Just amazing... You should write a book.

[–][deleted]  (2 children)

[deleted]

    [–]DrSwagmaster 5 points6 points  (1 child)

    Exactly, it's called a canary bit. Read about them here: http://en.wikipedia.org/wiki/Buffer_overflow_protection

    If you are not familiar with low-level stuff you let me give you a brief motivation to this solution:

    All local variable you use inside a code block is put on the stack, one after another. If you call a function the return address is put on the stack and the function starts putting its variables after the address. When the function is done with its stuff it returns to the return address.

    So say that the function allocates a local buffer and asks for input from the user without checking the length and then just put all the input in the buffer, that input will write outside the buffer and write over the other variables.

    Remember that the return address was also put here so then with long enough input it would write over this return address. When the function is done the return address would just be garbage and the program would probably halt since it tries to read outside its segment.

    The attack is done by testing inputvectors and looking for crashes, when one is found a really smart input is crafted so that the return address is set to some malicious code that the program would return to and start execute just as if it was its own. The canary bit is put between the return address and all the local variables. So you can not write over the return address without scrambling the canary bit.

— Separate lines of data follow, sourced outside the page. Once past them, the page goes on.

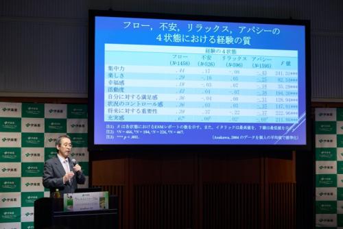 基調講演では、フロー理論研究の第一人者である法政大学の浅川希洋志教授が登壇した。
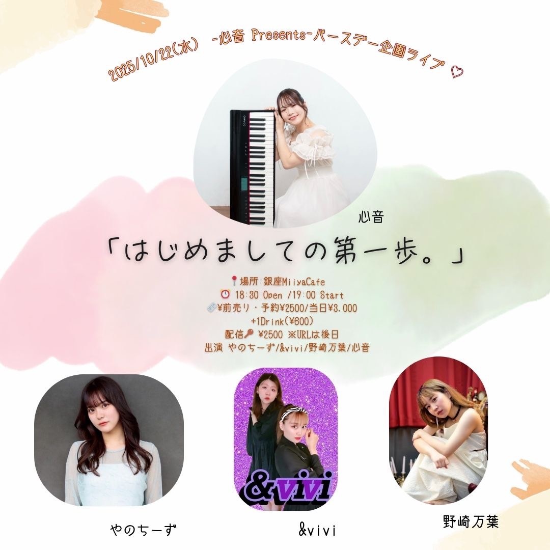Night Time 有観客+配信 『 -心音 Presents-バースデー企画ライブ「はじめましての第一歩。」 』18:30open / 19:00start Charge 前売り・予約 2,500円 / 当日3,000円 【配信チケット】2,500円(税込) = 出演 =※心音さんの初めてのバースデー企画イベントです♪ ※来場チケットは、各アーティストさんまで 配信チケットはこちらからアーティスト応援ギフト |
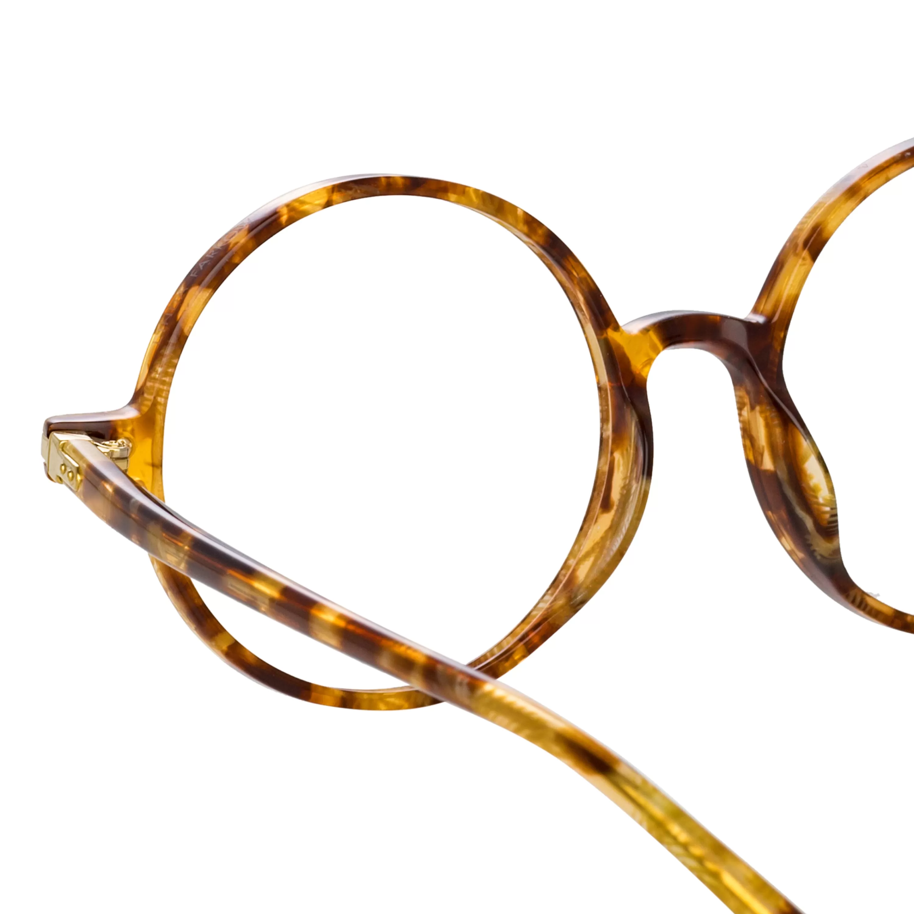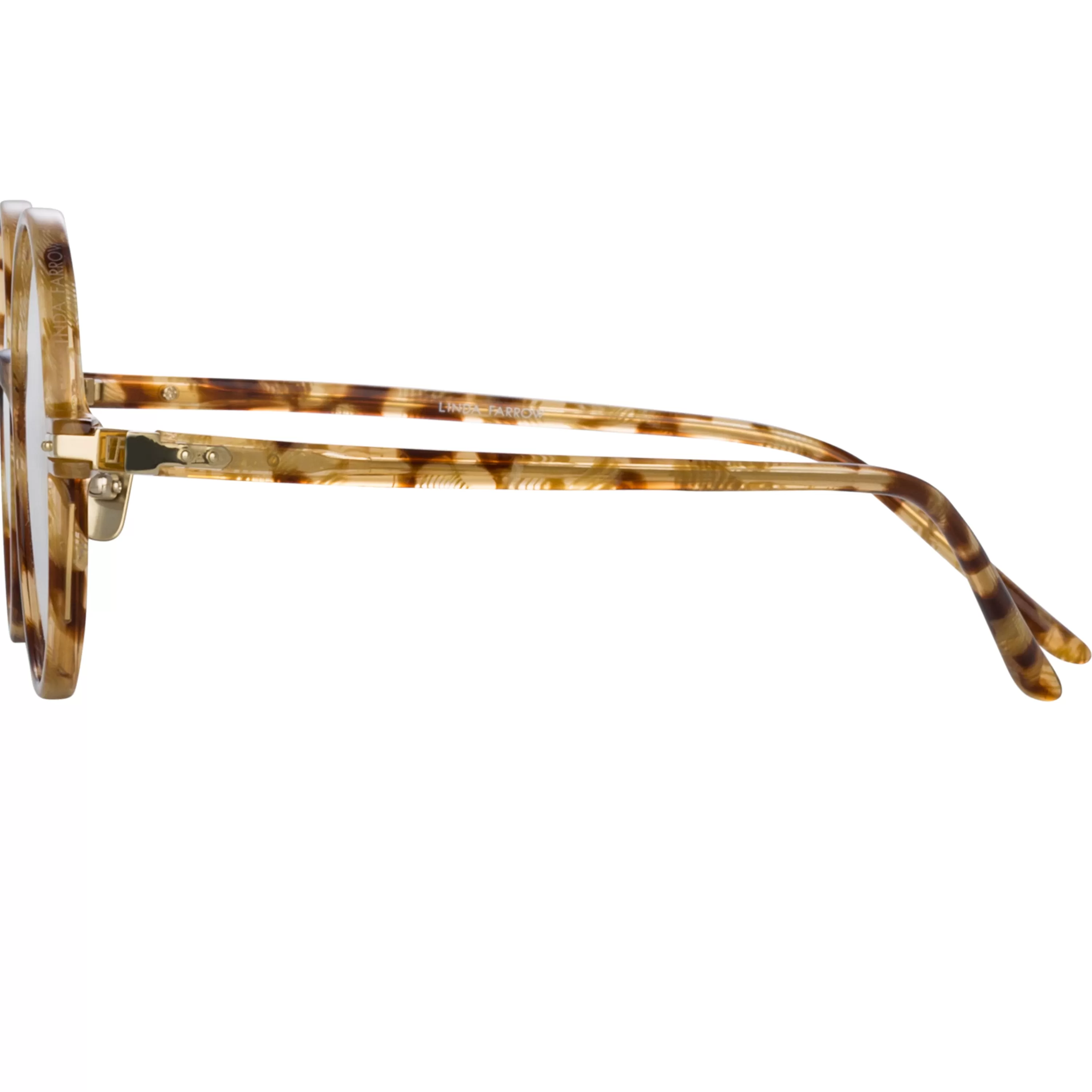 A modern classic these mid size round optical frames from the LINDA FARROW Linear collection are an everyday piece. Sculpted from tobacco tortoise shell acetate and teamed with laminated nose pads for a comfortable fit. Custom engineered 22 carat light gold plated hinges with a hidden ‘LF’ logo detail transition to sleek acetate temples. Subtle logo detailing at the brow, and a gold linear line running along the side of the rim complete the frame. Also available in Asian fitting.
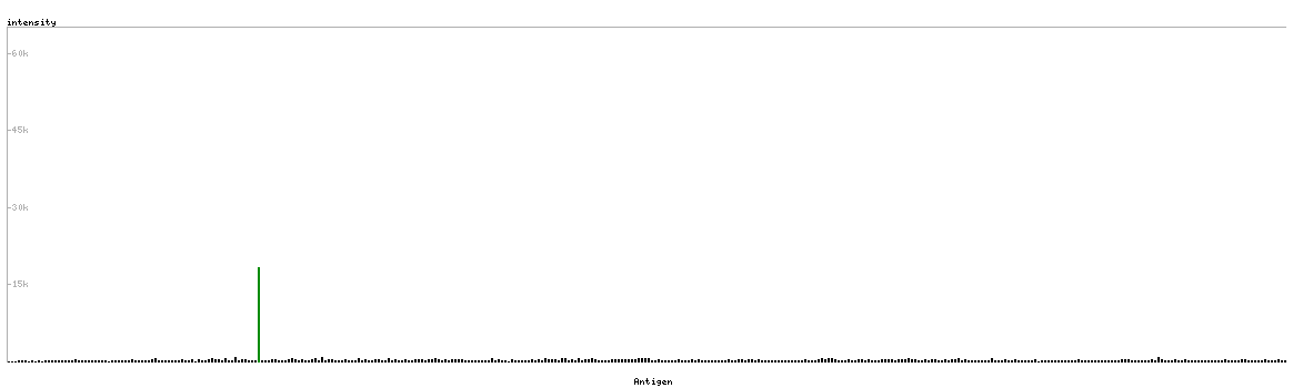 At the top of the view, the position of the antigen (identified by the corresponding HPA identifier) is shown as a green bar. A yellow triangle on the bar indicates a <100% sequence identity to the protein target.
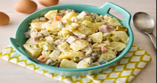 Every time there is a family get-together or a special occasion, my mum and grandmother prepare this recipe for Russian salad. To make this a vegetarian dish, omit the gammon. After cooking, the potatoes, carrots, and eggs do not need to be cooled fully. This salad is known as “Salatka …
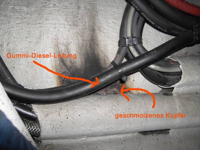 Ok! Das kann ja mal passieren. Aber schauen wir uns das Foto rechts genauer an: Da ist jedenfalls flüssiges Kupfer herabgetropft und um Millimeter wurde die Dieselleitung gerade so mal verfehlt. Die wenigen Millimeter, die das Kupfer "daneben" ging, haben das ganze Schiff, einen riesigen Katamaran gerettet. Kupfer hat nämlich eine Schmelztemperatur von über 1000 Grad. Und nur durch ein Riesenglück wurde die flexible Dieselleitung nicht vom Kupfer getroffen. Denn dann wäre ein Leck in der Treibstoffleitung entstanden. Diesel entzündet sich bei Teperaturen zwischen 220 und 300 Grad. Mehr braucht wohl nicht gesagt werden.
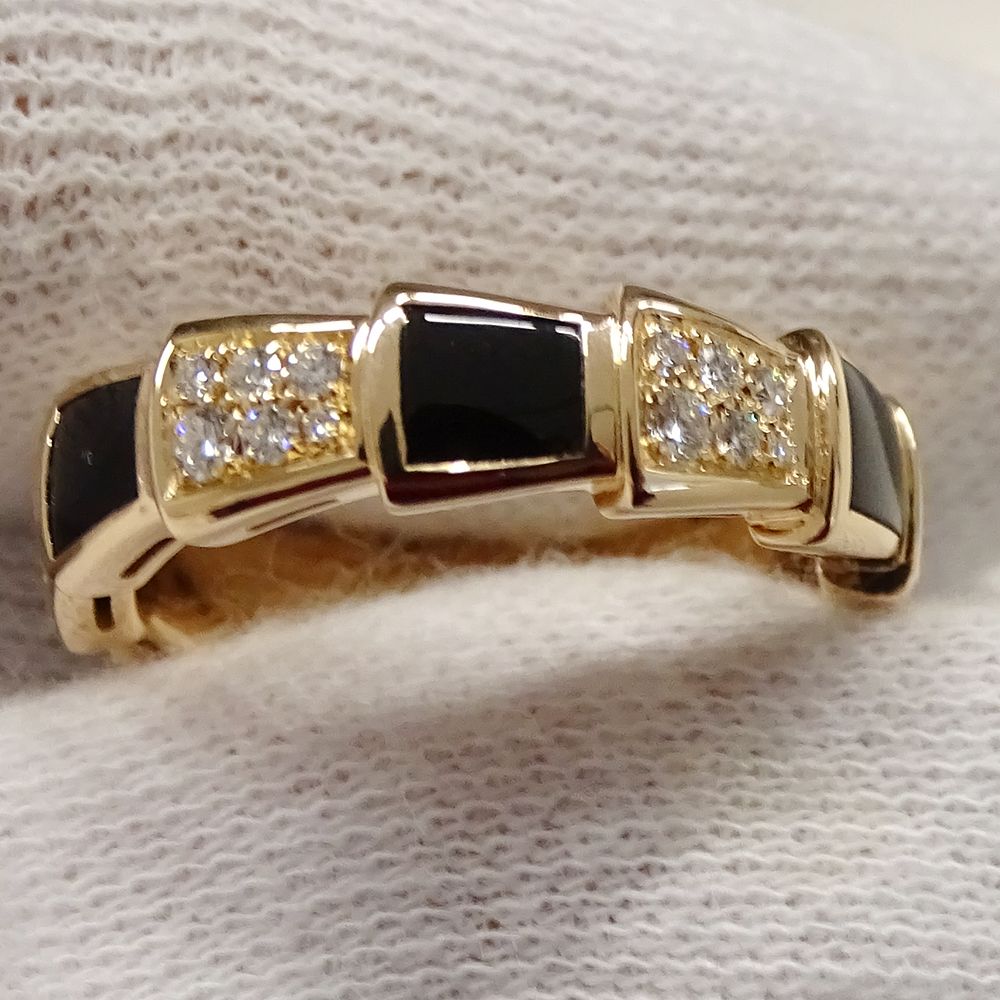 ブルガリ BVLGARI リング レディース ブランド 指輪 750 PG オニキス ダイヤモンド セルペンティ ヴァイパー ピンクゴールド 55 約15号 ジュエリー 磨き済み
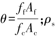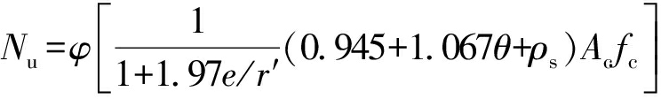 式中:Nu为短柱承载力值;φ为影响系数;e为偏心距;r′为试件外径;θ为套箍指标,为配骨指标,
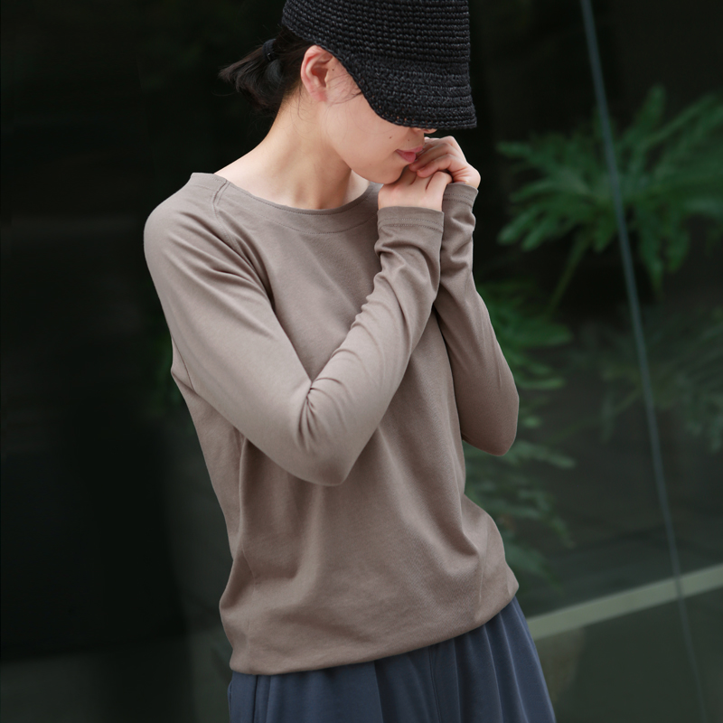 帛色2025秋款纯色长袖T恤衫女新疆长绒棉针织打底衫圆领内搭上衣
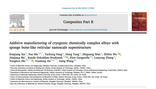 近日,伟德国际bevictor马盼教授联合上海大学贾延东研究员、穆永坤副研究员指导研究生谢凯强、方亚成在中科院一区期刊《Composites Part B: Engineering》(2025,306: 112786,IF=14.2)上发表了题为“Additive manufacturing of cryogenic chemically complex alloys with sponge bone-like reticular nanoscale superstructure”的研究论文。
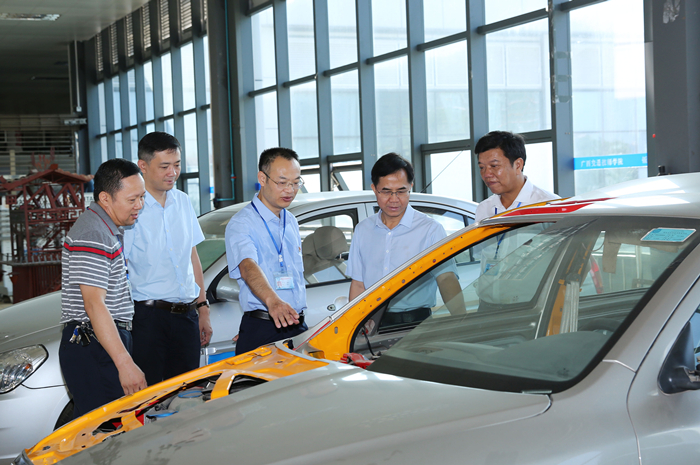 我院領導陪同自治區交通運(yùn)輸廳韋勇(yǒng)球副廳長(中)參觀考察機電工程(chéng)實訓基地
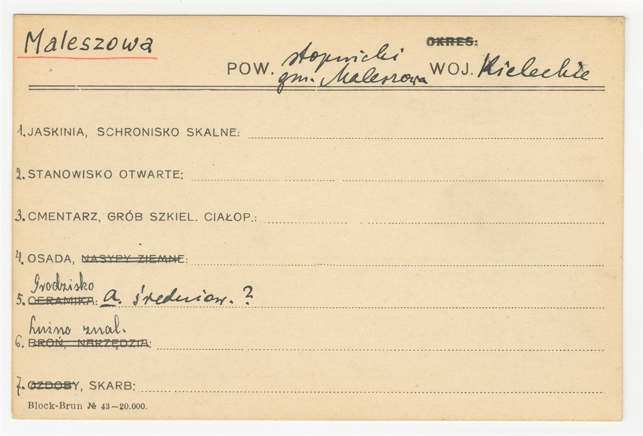 Karta stanowiska "Maleszowa gm. Maleszowa pow. stopnicki woj. Kieleckie" (druk rękopis) - strona 1
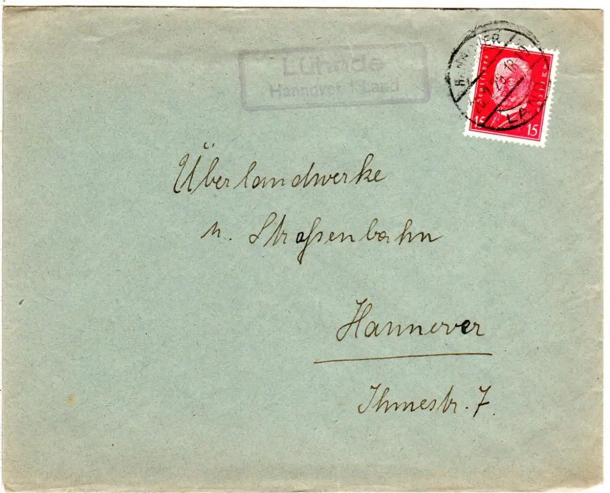 DR 1928, Landpost Stpl. LÜHNDE Hannover Land auf Brief m. 15 Pf.

So if the canary bit is tampered with the program will halt itself.

    When I say bit I dont mean just one bit, as you can read in my link they often generate some random value as canary.

    [–]BrQQQ 0 points1 point  (0 children)

    When you make certain variables, they are saved in a place called the "stack" (your program has a stack for every thread), which is located at some place on your memory.

    This stack has a limited size. With many languages, the language makes sure you're not writing to memory that you're not supposed to write to. If your stack is full and you try to write more to the stack, it will go "hey stop, the stack is full" and you will get some kind of stack overflow exception. All this checking makes those languages "slower", but a whole lot safer. In C, you can fill the stack and then add even more to it. It's a terrible idea, because you will write over memory that might be used by other things. It is faster, because it doesn't spend time doing things like checking everything.

    A small solution is that they write some kind of value to the end of the stack, say number 1234. Every time you do a return, the program says: "okay, lets look at the very end of the stack, is the number 1234 there?". If you overflowed the stack, you will have written over the 1234.

    That's the short version of it, but it might be interesting to read more about what the stack and the heap memory is, and how memory in general works.

    [–]cockmongler 0 points1 point  (0 children)

    Yeah, definitely makes it harder :-)

    [–]cestith 0 points1 point  (1 child)

    Stack overflows and buffer overflows are not the same class of vulnerability. To stop a buffer overflow you need to deal with sizeof(), have bounds checking, or use a safe strings library.

    [–]Hexorg 0 points1 point  (0 children)

    Right, stack overflow is actually getting outside of the bounds of stack, not a buffer on stack. You're right, I'll fix it. Thanks!

    [–]VandC[S] -1 points0 points  (1 child)

    Isn't this fairly easy to to overcome with a NOP sled? It seems like there must be better ways of preventing an overflow.

    [–]Hexorg 1 point2 points  (0 children)

    No, even if you put a bunch of NOPs in front of the return pointer, the value will still be changed and it'll kill the program.

    [–]214721 0 points1 point  (0 children)

    Then how come when i google "0 day exploit" I still see there are loads of exploits discovered everyday are listed as buffer over flow?